When you’ve spent most of your life learning to make a living, how do you make the transition to learning for the simple sake of learning?

 

For many people older than 50, that’s a familiar situation.

 

As a result of the learning we’ve done so far, we have been able to provide for our families. But, after a certain age at which we no longer have to worry as much about making a living, or our nest is empty, we may face the question: What do we do now?

 

Some people will say retirement is about just enjoying life. After all, you’ve earned it!

 

For others, however, shifting gears is not as easy. We’ve been too busy and feel the need to remain that way.

 

So how do you begin? How best can you experience new things, meet new friends, try a hobby we have been meaning to for years or, even, share a talent we’ve gained over the years?

 

That’s the focus of an innovative program I oversee for Diakon Community Services.

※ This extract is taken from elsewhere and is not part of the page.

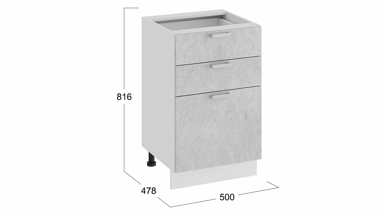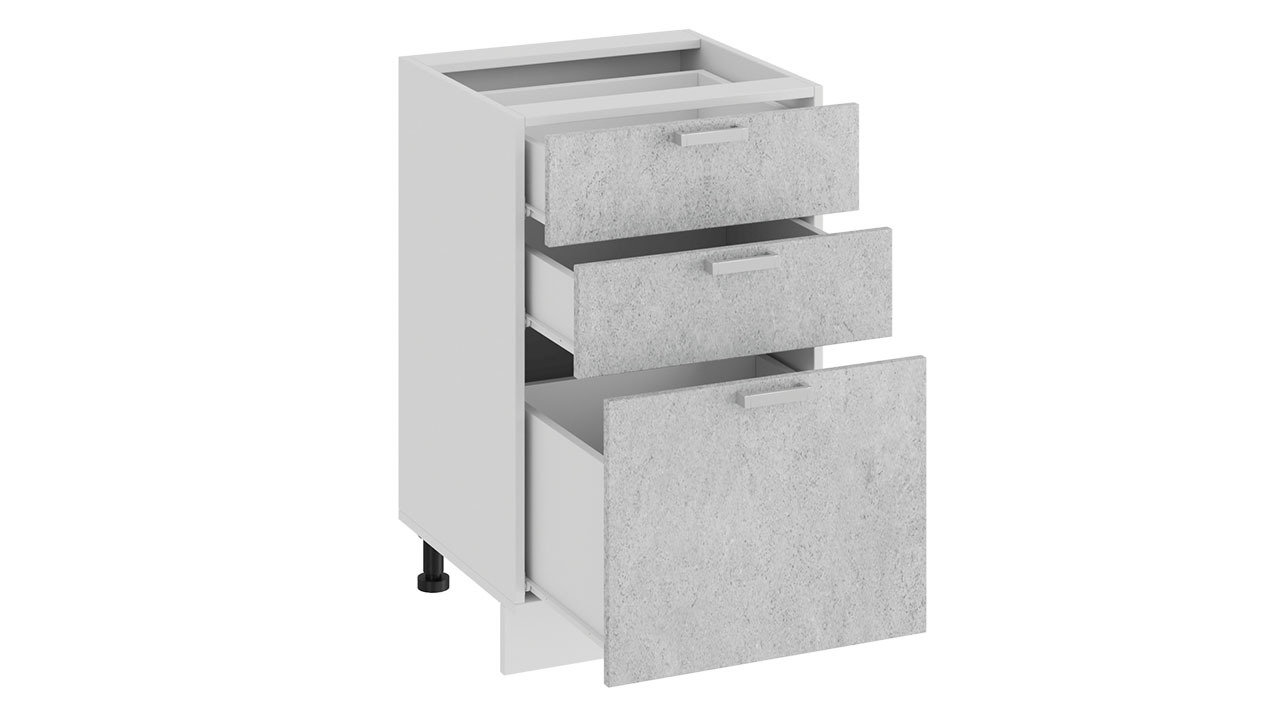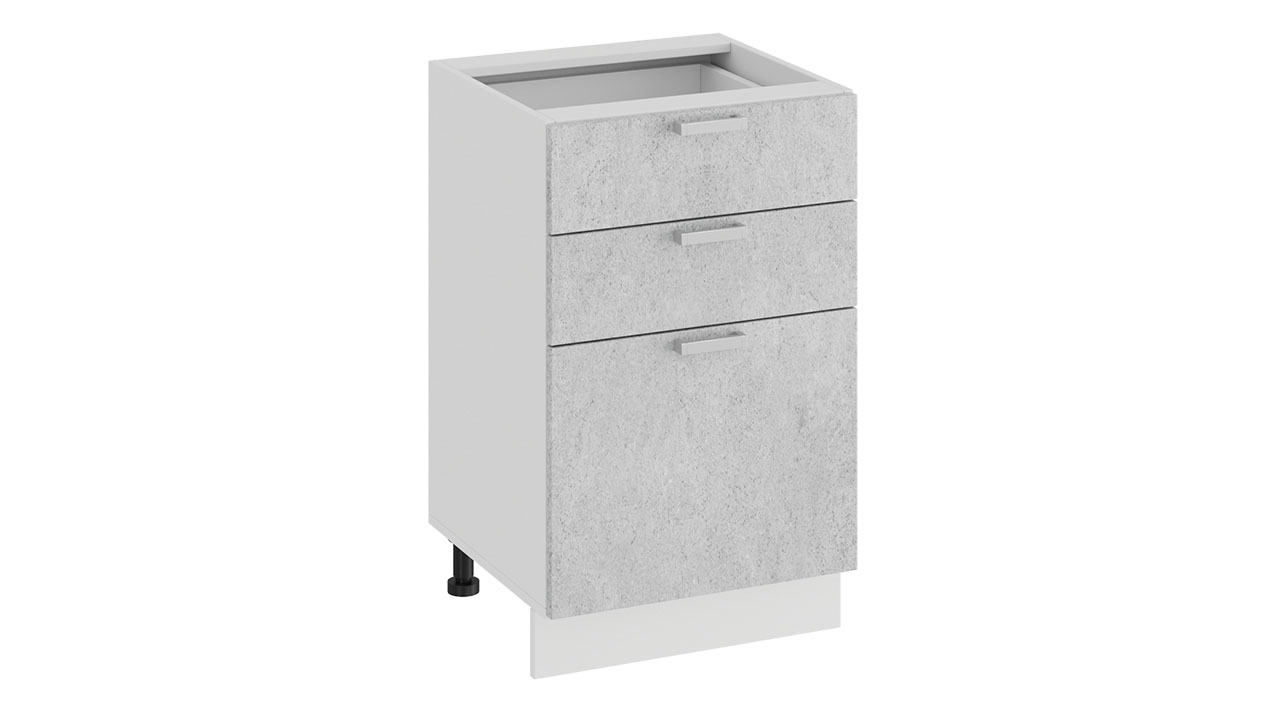 Шкаф напольный с тремя ящиками «Гранита» - 1Н5Я3 Белый, Бетон снежный – 1 шт.

It’s called Diakon Living & Learning After 50.

 

For nearly a decade now, the program has offered classes in everything under the sun at sites throughout Schuylkill County, Pennsylvania—workshops on yoga, painting, writing, antiquing, eBay, dancing, scuba diving, learning a new language and a host of other topics.

 

Our class atmosphere is informal and fun, allowing people to mingle while still focused on learning or teaching.

 

During this time, I have seen many friendships blossom as a result of attending weekly exercise classes; witnessed participants create a support system or reunite with old friends or co-workers.

 

I have watched wondrous transformations, as someone stares at a blank canvas, doubt eventually overtaken by a special spark as the person creates a beautiful painting, saying “that’s something I’ve wanted to try for years.”

 

With this need in mind, we develop our courses, classes, and special events to appeal to as broad a range of interests and abilities as possible.

 

And all geared to making certain that learning remains a pivotal part of life, even if the focus is more on fun than making a living!